Advertisement

Catholicism and Latin America

Share

This is in response to “A Continental Shift.”

In today’s world, Christian faith is an option which evokes other options. Faith matures as this option is faced. Protestantism may have the attraction of being a new option for many Latin Americans. If, in exploring this option, a deepened Christian faith results, the Catholic Church is enriched. What benefits Christianity is good for both Protestants and Catholics.

Conversion is the turning toward God and away from sin. Only in a superficial way does conversion have to do with changing one’s denomination. It is entirely thinkable to the modern Catholic that a person’s sincere search for deeper connection with God could take them into another denomination. Denominations are more different styles of being Christian than opposing and mutually intolerant camps.

The jewel of Christianity is many-faceted, and may be viewed through many sides.

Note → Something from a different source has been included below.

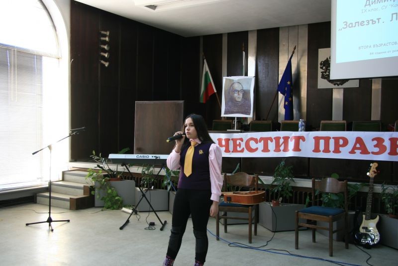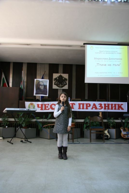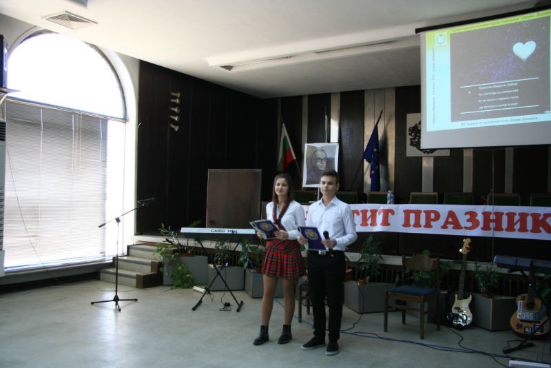 С вълнуващо слово към участниците в тържеството се обърна г-жа Димитриинка Петкова, заместник-областен управител. Тя пожела на учениците и учителите от гимназията да отстояват с дързост и вдъхновение името на своя патрон и с високи резултати в образователно-възпитателния процес да доказват значимата роля на хуманитарното образование за изграждане на активни строители на нова България.

Many Christians in Latin America are . . . forming base communities and probing into their personal and common experiences of grace through prayer, sacrament, and social action. This is the true reality of conversion, regardless of the denomination in which it happens. Where the world is enriched through God’s grace and human response to it, there is the church and there is the gospel.

Advertisement

Whether or not Evangelical Christianity can meet the needs of the Latin spirit in the sphere of social action and political liberation needs to be seen. For now we know that its private spirituality and emotional approach are attractive to many. We also know that Catholicism worldwide is more attuned to individual conscience, selective acceptance, and the priesthood of all believers. As for the saints, we know they protect Protestants as well as Catholics.